Mais pour la population, "absolument rien ne s'est passé", déplore le pasteur quadragénaire installé à Freetown. C'est lui, détenteur d'une licence de prospection minière, qui emploie les hommes ayant découvert en mars 2017 ce diamant de 709 carats (environ 140 grammes), à proximité du village de Koryardu, parsemé de gros rochers.

"Les enseignants travaillent bénévolement et ils ne sont pas qualifiés", ajoute-t-il.

Un enseignant de la région, Victor Tamba Yopoi, confirme: "Nous ne voyons rien qui montre que des diamants sont extraits ici. Il faut faire en sorte qu'un pourcentage revienne sur place et qu'on le voie, pas uniquement dans les journaux, mais sur le terrain".

Suivant le seul circuit légal pour vendre ce diamant non taillé, le pasteur l'avait remis à l'administration du président de l'époque, Ernest Bai Koroma, qui l'avait baptisé "diamant de la paix".

"J'aurais aussi pu faire sortir le diamant (de Sierra Leone) vers la Belgique, via un passeur local, mais j'étais convaincu que le gouvernement devait s'engager pour aider nos concitoyens, donc je l'ai remis" aux autorités, avait-il expliqué.

En vendant elles-mêmes le diamant, les autorités voulaient encourager les prospecteurs à renoncer aux trafics.

Le gouvernement avait d'abord jugé insuffisante la meilleure offre reçue lors d'enchères organisées en mai à la Banque centrale de Freetown, qui était de plus de 7 millions de dollars. Il s'était alors résolu à vendre le diamant à l'étranger, pour finalement n'en obtenir que 6,5 millions.

Déduction faite de la part due aux cinq mineurs à l'origine de la découverte, Emmanuel Momoh a tiré de la vente environ deux millions de dollars, dont il n'a conservé que la moitié à la suite de dons à des chefs traditionnels, des oeuvres caritatives et des habitants du village, a-t-il indiqué à l'AFP.

L'État a de son côté perçu 60% du produit de la vente, dont un quart, soit environ un million de dollars, devait être alloué à un fonds pour le développement de Koryardu.

Le village n'en a pas toujours pas vu la couleur. Situé au bout d'une piste de 10 km impraticable six mois par an, il n'est toujours pas raccordé au réseau électrique et n'a ni école digne de ce nom, ni centre de santé, a constaté une correspondante de l'AFP.

"Si le gouvernement ne tient pas ses promesses, les gens n'auront plus confiance et n'apporteront plus leurs diamants aux autorités.

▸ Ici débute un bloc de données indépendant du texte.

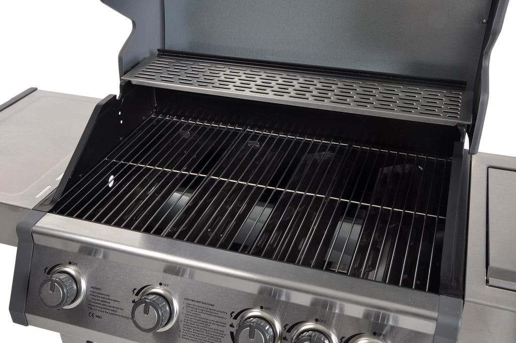 - Barbecue à gaz avec 4 brûleurs de 3,0 kW + 1 brûleur latéral de 2,5 kW
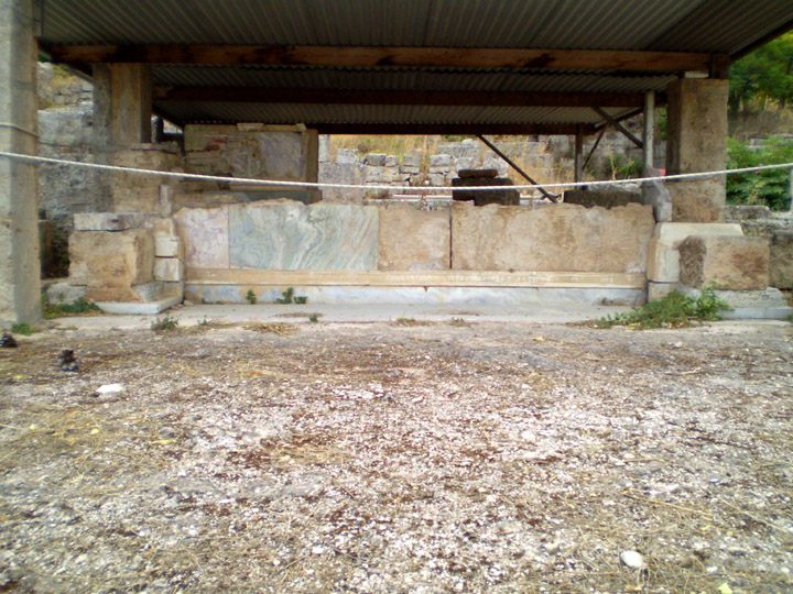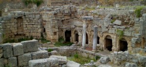 My favorite building in Corinth was the Fountain of Pirene which was in fact an extensive pool complex fed by a natural spring.  According to Greek mythology, Pirene was a water nymph who burst into a pool of tears upon learning of her son’s accidental death.  Because these fountains carried divine significance, they were elaborately decorated with an Ionic arcade of Poros marble.
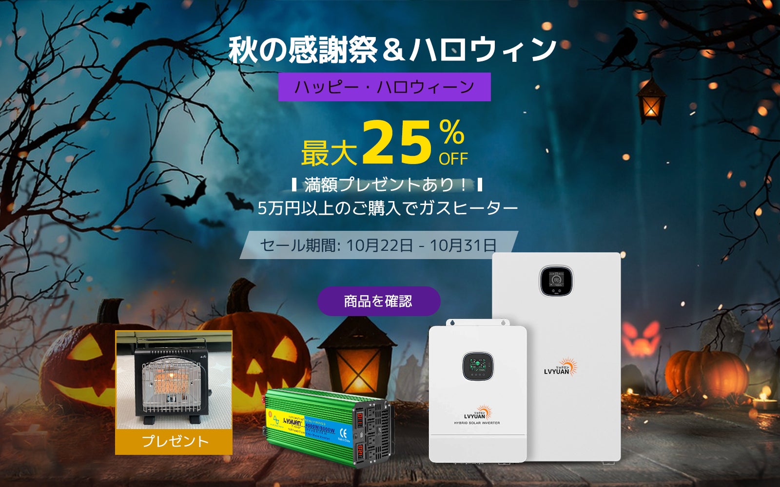 我々は皆さまへの感謝の気持ちを込めて、公式サイト全商品を最大25%OFFで提供いたします。カボチャの明かりが夜を照らし、仮装が楽しみ、お菓子がたくさん。家族や友達と一緒に過ごす素晴らしい時間を彩りましょう。
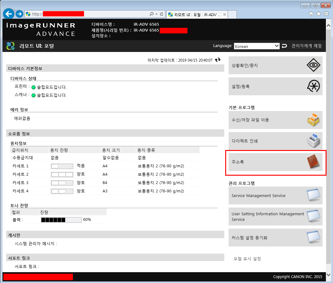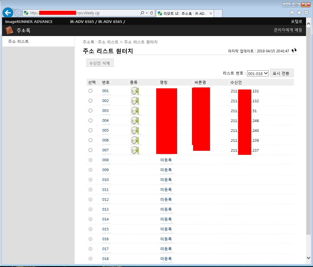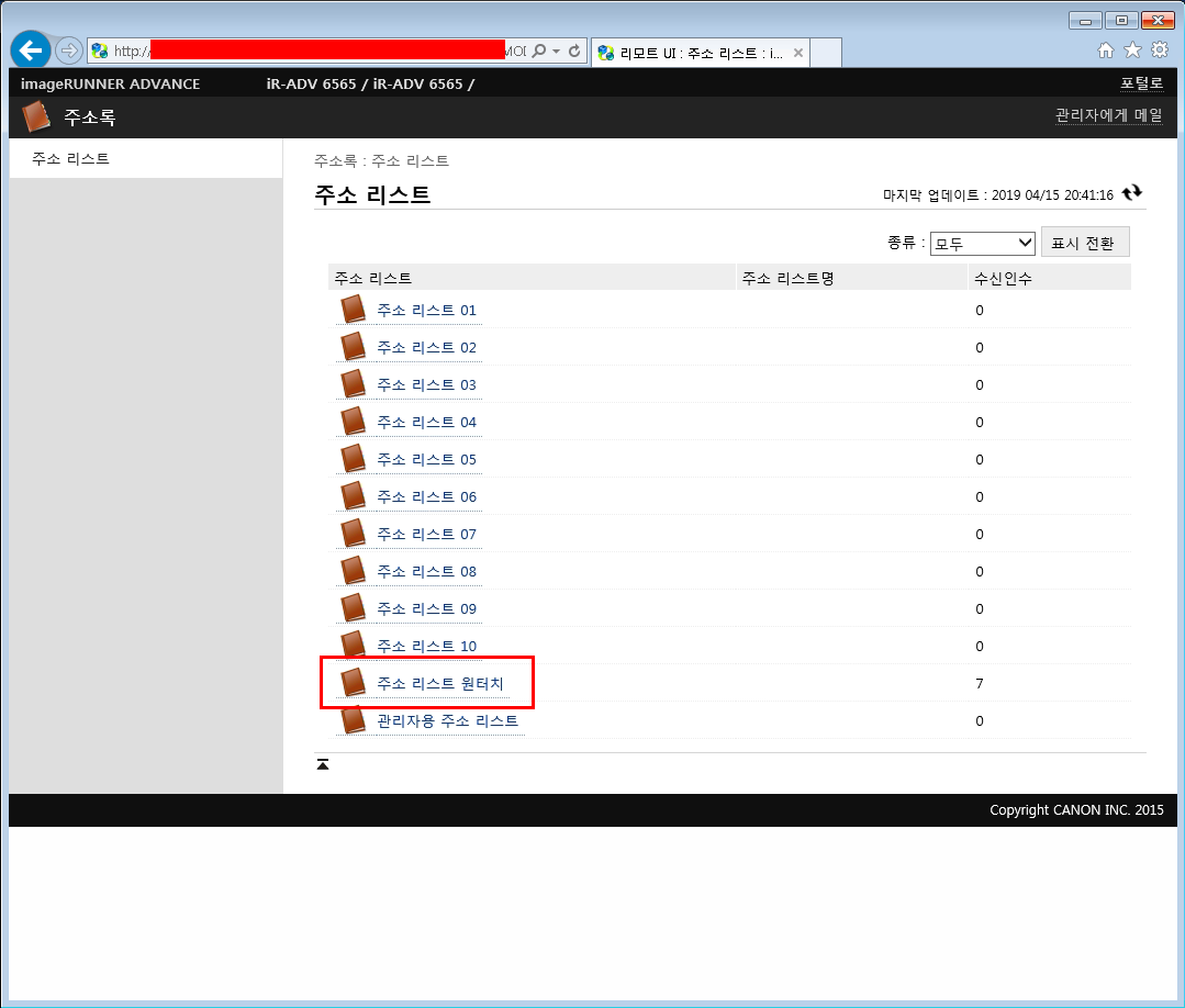 관리페이지 -> 주소록 -> 주소 리스트 원터치
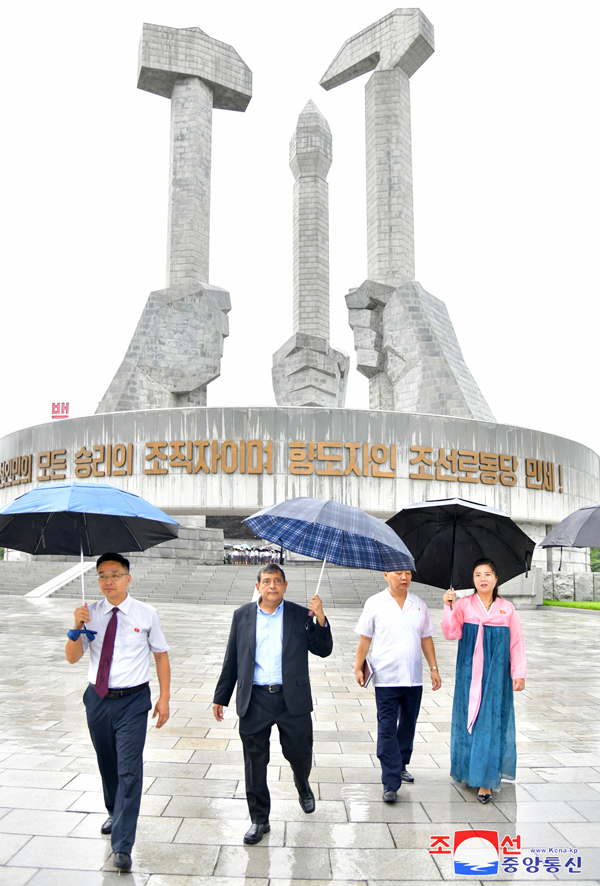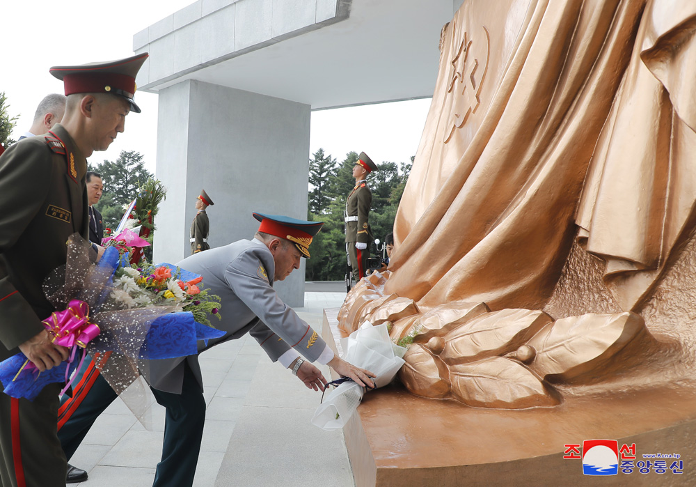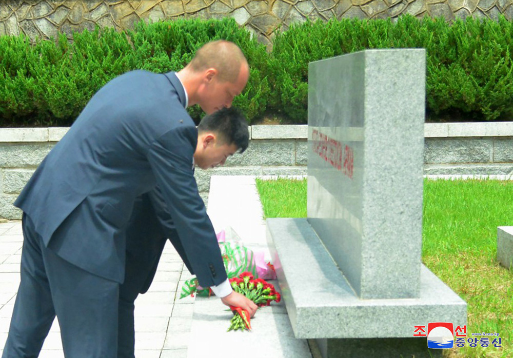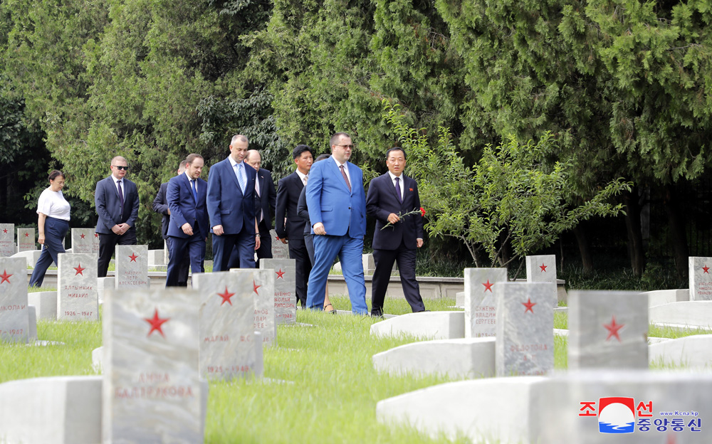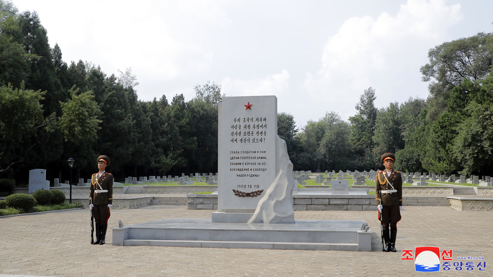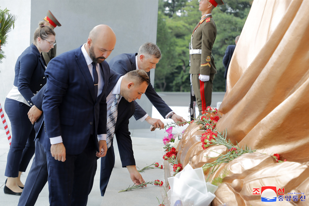 조국해방 79돐에 즈음하여 우리 나라 주재 로씨야련방대사관 성원들이 15일 해방탑에 화환을 진정하였다.

Pas seulement à Koryardu, mais dans toute la région de Kono", prédit Emmanuel Momoh.

Le contrat d'un million de dollars attribué par l'administration Koroma à une société chinoise pour la construction de la nouvelle école et d'un centre de santé a été gelé après l'arrivée au pouvoir du nouveau président, Julius Maada Bio, élu en avril, expliquent les nouvelles autorités. Après révision, ces projets devraient toutefois être rapidement remis sur les rails.

"Deux ou trois questions devaient être réglées et ce travail est pratiquement achevé. Nous nous attendons à ce que les travaux reprennent avant Noël. La bonne nouvelle, c'est que l'argent est toujours disponible", a expliqué à l'AFP le directeur de la communication de l'Agence nationale des minerais (NMA), Ibrahim Satti Kamara.

"C'est normal qu'il puisse y avoir de la frustration, mais ça devrait changer quand les travaux reprendront", a-t-il dit. "Nous savons que nous avons la responsabilité de mériter cette confiance. C'est pour cela que nous faisons très attention à la manière dont l'argent est utilisé."

En attendant, et pour apaiser l'amertume qui s'installe à Koryardu, le Rapaport Group, maison de vente qui a organisé gratuitement les enchères, a fourni au village en novembre ses 50 premiers panneaux solaires.

"Nous voulons nous assurer que les villageois voient quelque chose de tangible, le temps que le gouvernement s'organise", a déclaré à l'AFP le dirigeant de la société, Martin Rapaport, lors d'un déplacement à Koryardu.